In Sachsen waren wir, um Neues zu entdecken, in Hamburg gestaltet sich das
schwieriger: Hafen, Reeperbahn, Alster – kennt jeder, sogar wer noch nicht
dort war. Aber was steckt hinter den Postkartenmotiven? Und verstehen wir
Orte, die wir vermeintlich kennen, so viel besser als den unbekannten
Osten?
Dienstag, 11.2., 14 Uhr, Stadtpark
Lotto King Karl, das ist so was wie der Volksbarde der Stadt. Vor 25 Jahren
führte ein junger Autor der taz [2][ein Interview] mit ihm und sagte: Sie
sind Lottomillionär, ich bin taz-Mitarbeiter. Schenken Sie mir bitte Geld!
Lotto King Karl antwortete: Ich möchte niemanden aus seinem sozialen Umfeld
reißen. Der Autor hieß Benjamin von Stuckrad-Barre.
Lotto King Karl gehört zu Hamburg wie Frank Zander zu Berlin oder De Höhner
zu Köln. Jeder hier kennt ihn, man liebt oder hasst ihn. Er moderierte
Radiosendungen, war 14 Jahre Stadionsprecher beim HSV und sang bei jedem
Heimspiel [3][„Hamburg, meine Perle“], wo es nicht darum geht, was an
Hamburg schön, sondern was an anderen Städten scheiße ist. Wenn man etwas
über die Hamburger erfahren will, dann ist Lotto King Karl eine gute
Quelle.
Wir treffen ihn auf der Open-Air-Bühne im Hamburger Stadtpark. Die ist
winterfest gemacht, und weil es – natürlich! – regnet, flüchten wir unter
ein Wellblechdach. Lotto King Karl trägt Dreitagebart und
Camouflage-Mantel, ist mit seinem Volvo-SUV vorgefahren und sagt, wir
sollen ihn „Lotto“ nennen.
Also, Lotto, warum sind wir hier? „Weil fast alle anderen Orte meiner
Jugend nicht mehr da sind. Und weil ich nirgends so häufig gespielt habe
wie hier, letzten Herbst das 50. Konzert.“ Stolz ist er darauf, drei
Stunden dauern seine Shows, mindestens, 5.000 BesucherInnen stehen dann
hier vor der Bühne, ausverkauft. Und zum Schluss stets die Hymne, seine
Hymne.
„Oh, Hamburg, meine Perle / Du wunderschöne Stadt / Du mein Zuhaus / Du
bist mein Leben / Du bist die Stadt, auf die ich kann.“
Wie ticken die Hamburger, Lotto? „Unkompliziert, ehrlich, unprätentiös.

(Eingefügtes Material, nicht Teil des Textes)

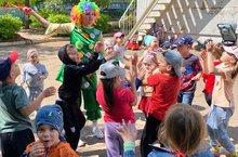 Весело и дружно отметили праздник, посвященный Дню защиты детей вместе с клоуном Клепой. Задорные соревнования "Пронеси воду", "Перетягивание каната", народные подвижные игры, флешмоб позволили детям проявить ловкость, командный дух, сноровку. В завершении праздника устроили рисование на асфальте "Счастливое детство" и шоу мыльных пузырей.

Der
Hamburger redet nur, wenn er was zu sagen hat.“ Und die Stadt? „Entspannt,
chillig, auch etwas dreckig natürlich, der Job des Zuhälters war und ist
hier nicht so verrufen wie anderswo.“ Und der Hafen, ganz wichtig. „Hafen
ist geil.“
Es wäre einfach, sich jetzt über die Partyschlager und Plattitüden lustig
zu machen, aber der Typ ist einfach nett und nach einer Hopihalido, also
einem Holsten Pilsener in der Halbe-Liter-Dose, noch netter.
Lotto King Karl, bürgerlich Gerrit Heesemann, ist Abiturient der
„Gelehrtenschule Johanneum“, ein Volksmusiker mit Leistungskurs Latein. Er
ist Marineoffizier, hat BWL studiert, eine Bankenlehre gemacht. Lotto, das
ist eine Hamburger Kunstfigur. Auch den Lottogewinn gab es nie.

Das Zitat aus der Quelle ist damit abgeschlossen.